All this is to say that what is interesting about Pedroia, Brady and others is their work. When they are at the top of their games, they are dazzling. It might be argued that those moments represent a confluence of athletics and art, moments when the player and the game are inseparable. One is reminded of the lines from W. B. Yeats’s “Among School Children”: “O body swayed to music, O brightening glance,
How can we know the dancer from the dance?” If those athletes did not give us such samples of near transcendence, of near perfection, we’d pay them no mind and would never purchase chances for lunch and a round of golf.
If this is so with respect to athletes, it is also the case with respect to writers. Of course, as far as I know no one is out there peddling chances for lunch with Philip Roth or Richard Russo. If they were, the conversations might be brighter, for writers are wordsmiths after all. But the talk might not be. It might be as strained and difficult as those at the athlete’s table and it’s easy to imagine the same mismatch of idolatry and tolerance.

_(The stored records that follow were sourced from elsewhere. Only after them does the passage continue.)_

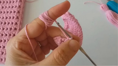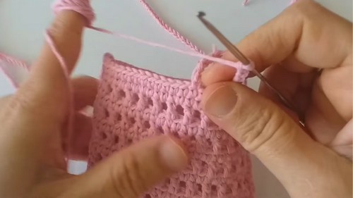 • Repeat dc mesh and sc rounds as desired for textured look.
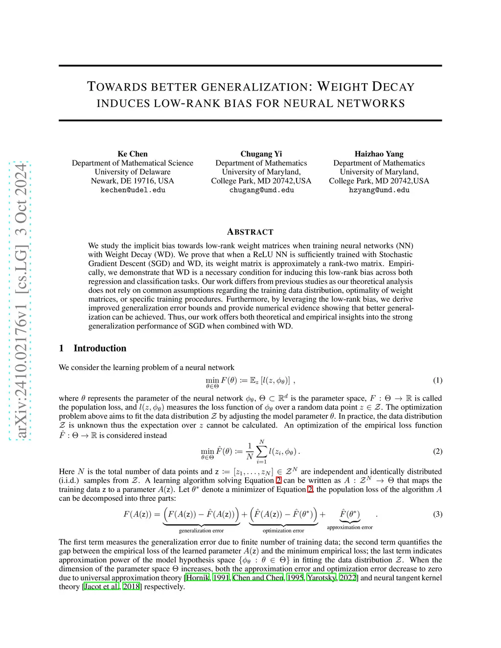 Towards Better Generalization: Weight Decay Induces Low-rank Bias for
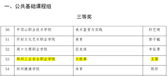 经过学校竞赛、省级网络初评和省级现场比赛的激烈角逐,大赛共评出一等奖82个、二等奖142个、三等奖197个。我校四位教师在大赛中表现优异:基础部教师张娅《高等数学》荣获公共基础课程组一等奖、机电工程系教师赵瑞杰《机械制图与CAD》荣获理工农医类课程组二等奖、资源与环境工程系教师王婷《道路工程地质》荣获理工农医类课程组三等奖、公共体育部教师王蓓《太极拳》荣获公共基础课程组三等奖,获奖数量与等次均实现历史性突破。
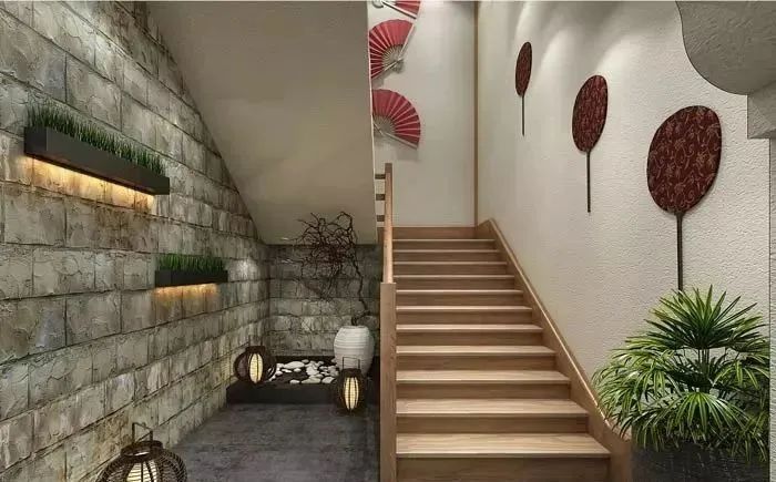小型中式餐廳樓梯設(shè)計:在樓梯的設(shè)計中,設(shè)計師著重強調(diào)的是踏步的間距與高度,目的就是希望保證上樓的安全,這樣的踏間距即安全又舒適,將危險降至最低。
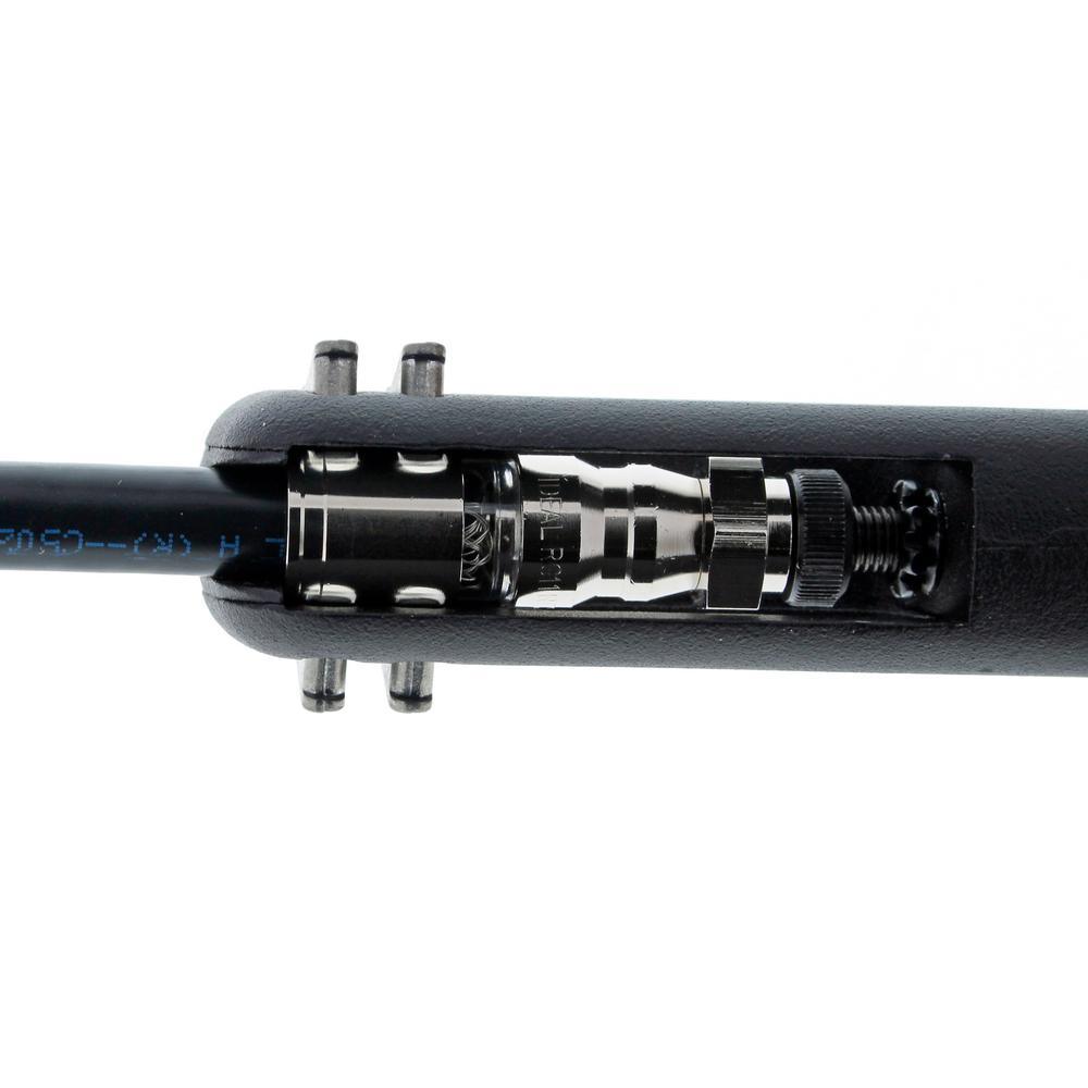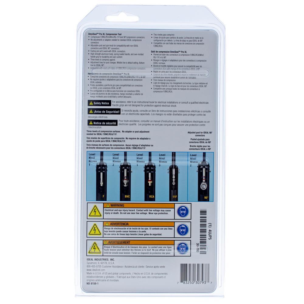 Our flagship OmniSeal Pro XL compression tool is compatible with and terminates all Ideal compression connectors. Patented dual spring clips and fixed top ledge enable this tool to compress more connectors than any other tool on the market. Unlike most compression tools which require adjustments and adapters for each type of connector, this compact 6 in. length tool compresses all straight Ideal compression connectors with no adjustments to the tool. F/BNC/RCA/RG-11 F connectors can all be terminated one after another with no setting changes. Only the 90°F and BNC connectors require a tool adjustment. An adjustable spin knob allows for compressive forces to be placed on the rim of the connector instead of the bottom of the nut when required. This is helpful for non-Ideal plastic centered connectors such as 50 BNCs or RCAs with limited structural support. It can also be used as a larger flat surface to compress against for other types of non-traditional compression connectors. The adjustable post and spin knob, combined with 3-compression surface levels, give the installer virtually unlimited options for compressing current and future connector designs.
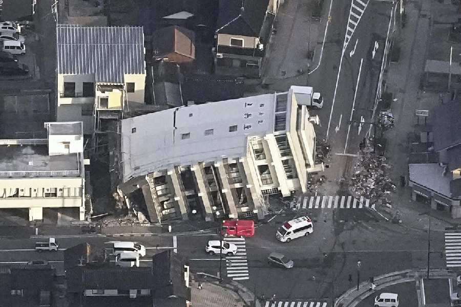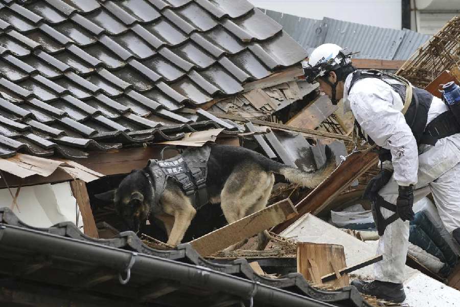 A police officer and a canine dog search a collapsed house following earthquakes in Wajima, Ishikawa prefecture. Ishikawa prefecture and nearby areas were rattled by a major 4.9 magnitude aftershock in the early hours among the dozens of aftershocks that have followed a magnitude 7.6 temblor two days ago.
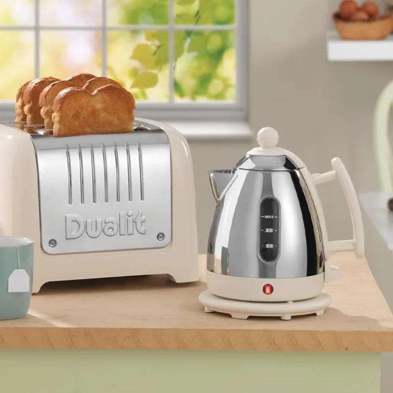 Lite vannkoker 1L cream, en mindre vannkoker i en moderne utforming fra britiske Dualit. Kokeren har et ergonomisk håndtak som gjør det enkelt å helle fra den. Kannen har ingen ledning. Stillegående, rask og effektiv og med et lokk med en innretning som beskytter mot varm damp. Et skjult element varmer vannet raskt opp og har en sikkerhetsbryter mot tørrkoking. Ledningslengde 75 cm.
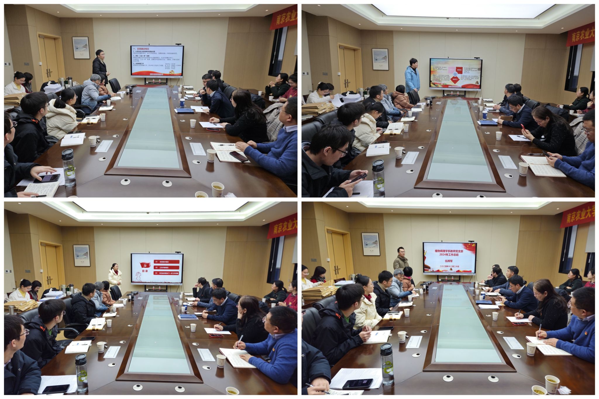 会上,各位党支部书记围绕支部标准化建设情况、党纪学习教育开展情况、学习贯彻全国教育大会精神情况、学习贯彻党的二十届三中全会情况、三会一课开展情况、发展党员工作情况等方面,汇报了2024年度党支部工作的主要做法和成效,深刻分析了存在的问题和不足,并提出了2025年党支部工作计划和改进措施。
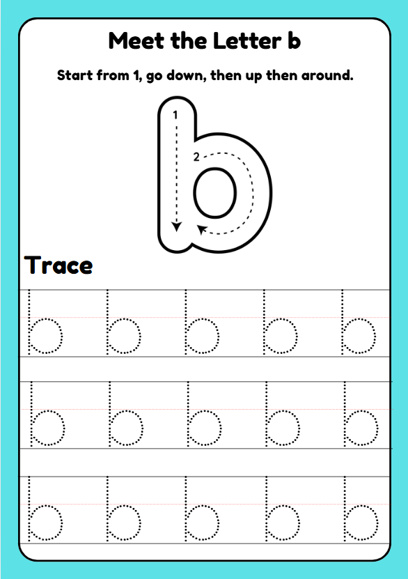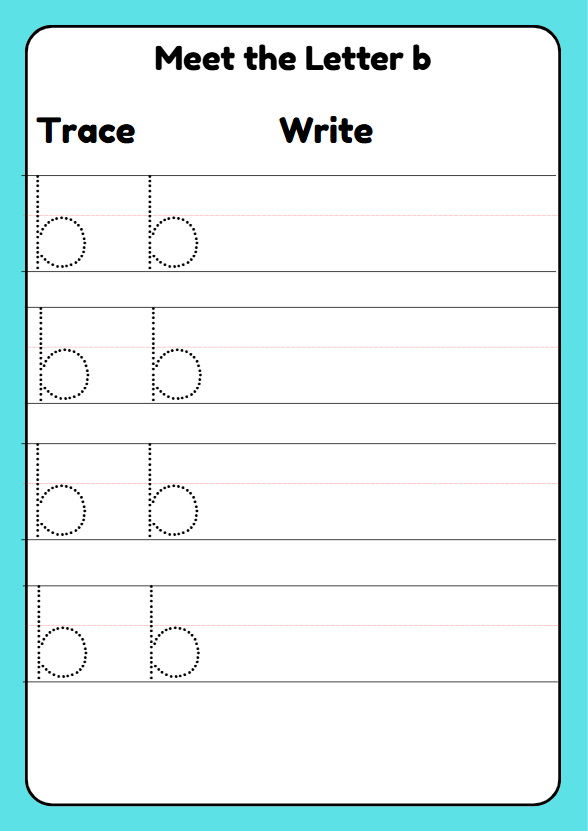 A fun and engaging Letter B formation worksheet for Early Years Reception (ages 4–5). Supports phonics and early writing through tracing, writing, finding, and colouring activities.
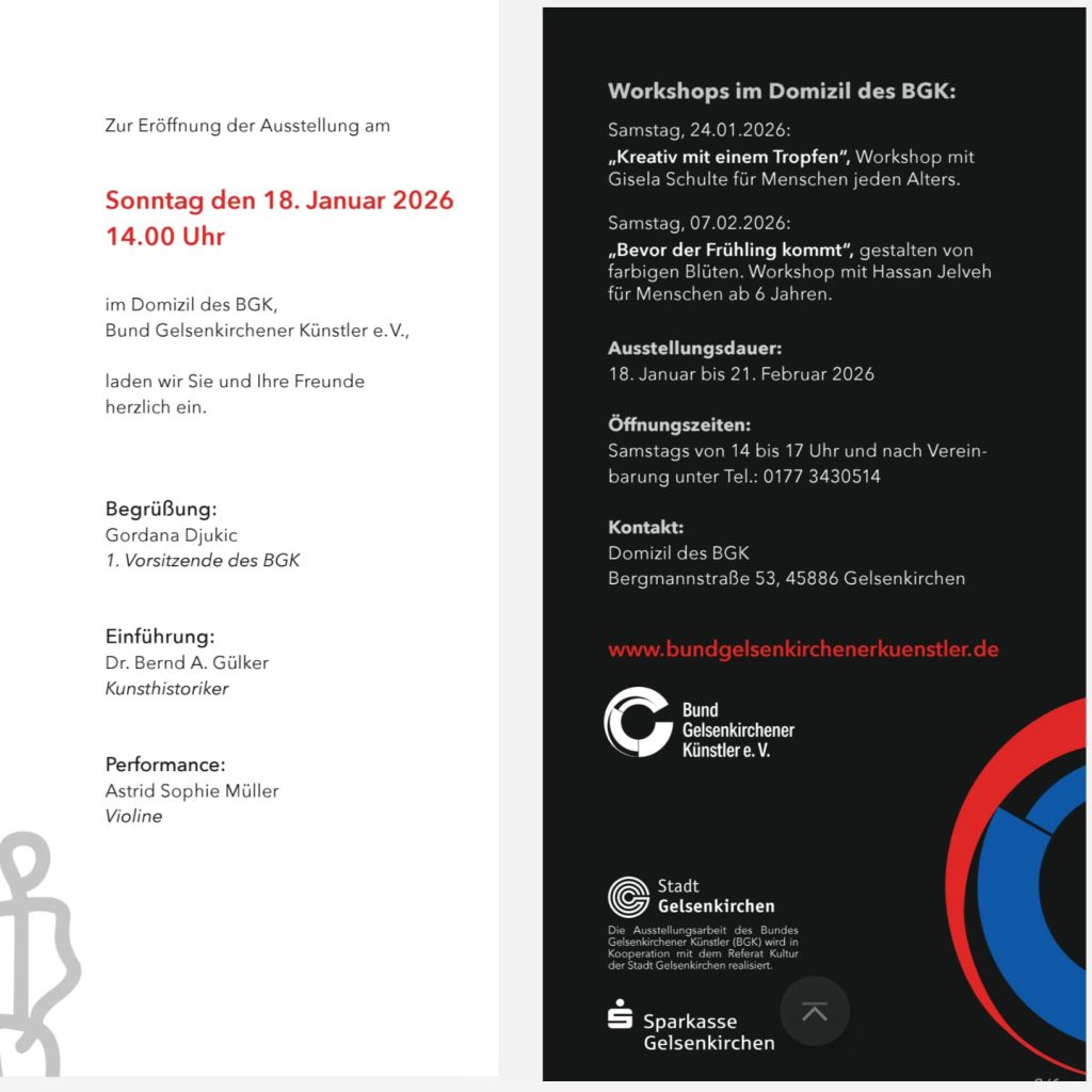 Zur Eröffnung sprechen Gordana Djukic (1. Vorsitzende des BGK) und Dr. Bernd A. Gülker (Kunsthistoriker). Musikalisch begleitet wird die Eröffnung durch eine Violin-Performance von Astrid Sophie Müller.
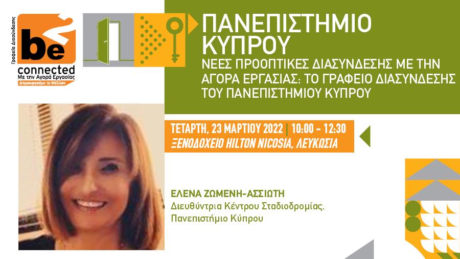 Η Έλενα Ζωμενή, Διευθύντρια του Κέντρου Σταδιοδρομίας στο Πανεπιστήμιο Κύπρου. Με σπουδές στο Πανεπιστήμιο Aix-Marseille I (Licence & Maitrise en LEA), η Έλενα Ζωμενή, εργάζεται στο Πανεπιστήμιο Κύπρου από το 1991, μετά από έξι χρόνια εμπειρίας στον ιδιωτικό τομέα. Έχει εργαστεί επίσης στο Γραφείο του Διαπραγματευτή της ένταξης της Κύπρου στην Ε.Ε. ως Λειτουργός Επικοινωνίας, καθώς και στο Ινστιτούτο Κύπρου ως Executive Director of Communication. Στο Πανεπιστήμιο Κύπρου, μεταξύ άλλων, είχε ενεργή συνεισφορά και αποφασιστικό ρόλο στο συντονισμό του πρώτου Έργου της Διασύνδεσης Πανεπιστημίων με τον Επιχειρηματικό κόσμο, το 2008, όπως επίσης και στο Έργο Διασύνδεσης Πανεπιστημίων με την αγορά εργασίας.
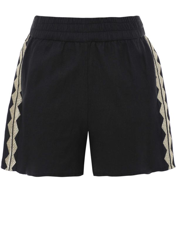 Slip into style and comfort with the Feather Shorts by Greek Archaic Kori. Expertly crafted from 100% linen, these Greek Archaic Kori shorts are made with an elasticated waistband for the most comfortable fit. The sides are decorated with gold-embroidered zig zag patterns, adding a touch of glam to an everyday style.
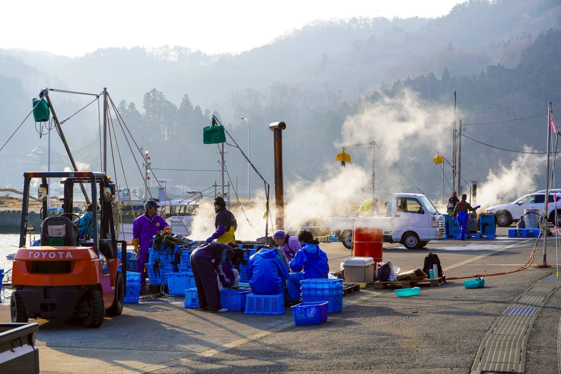 漁師さんは朝3時頃に出航し、6時頃に戻ってからも、茹でる・冷やす・選別・梱包と作業が続き、長い日には夜7時頃まで作業をされるそうです。
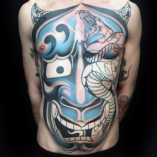 Mens Surrealism Japanese Snake Demon Chest Tattoo
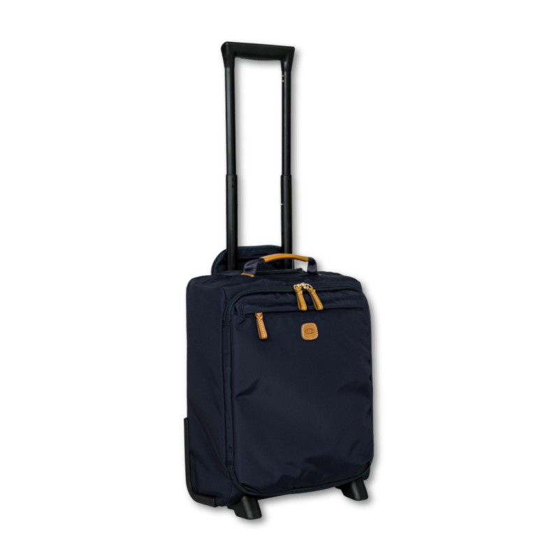 El carrito de cabina debajo del asiento X-Collection tiene el tamaño adecuado para caber en el compartimento debajo del asiento de un avión. Permite maximizar la capacidad de tu equipaje de mano, en una forma más compacta. Fabricado con nailon reciclado duradero e impermeable con una construcción rígida y liviana. Enriquecido con piezas de cuero genuino, una característica distintiva de Bric's, y detalles del logotipo.
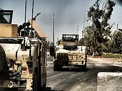 During the Iraq War, the vulnerability of American supply convoys became apparent as soon as March 2003, when a maintenance unit was ambushed in Nasiriyah, with eleven soldiers killed and five taken prisoner, including Pfc. Jessica Lynch.[11] Not until June 2003 during the post-invasion phase of the war, did the Iraqi insurgents begin attacking convoys with regularity, which led to the re-invention of the gun truck. The truck units initially used sandbags and plywood as outlined in FM 55-30, but experienced the same problems as encountered in Vietnam.

As with the athlete, it’s the work that matters. We know the names of the writers—and musicians, dancers, painters and so on—because of the work. It’s the finished thing that shines, that leaves us enchanted, spellbound, charmed, those words borrowed from magic. It’s the art that counts, not the artist. It’s the performance that matters, that distills and perfects effort. The artist, sloppy human that he or she is, fades, recedes into the quotidian, the humdrum of eat and drink, of sleep and visits to the dentist, the world so familiar to us all. And what a relief that is. Imagine the impossible strain of living each moment at one’s Super Bowl, World Series, and Great Gatsby best.
Lunch with Brady? Lunch with Russo? No thanks. I’ll tune in on Sunday and watch Brady pick apart his opponent’s defense and I’ll read the next novel that Russo produces and will do these things with pleasure. But I’ll leave them both alone at lunch and if they have the usual good luck, they can share the meal with people who love them for the faulted, frail creatures that, aside from their shining moments, they must be.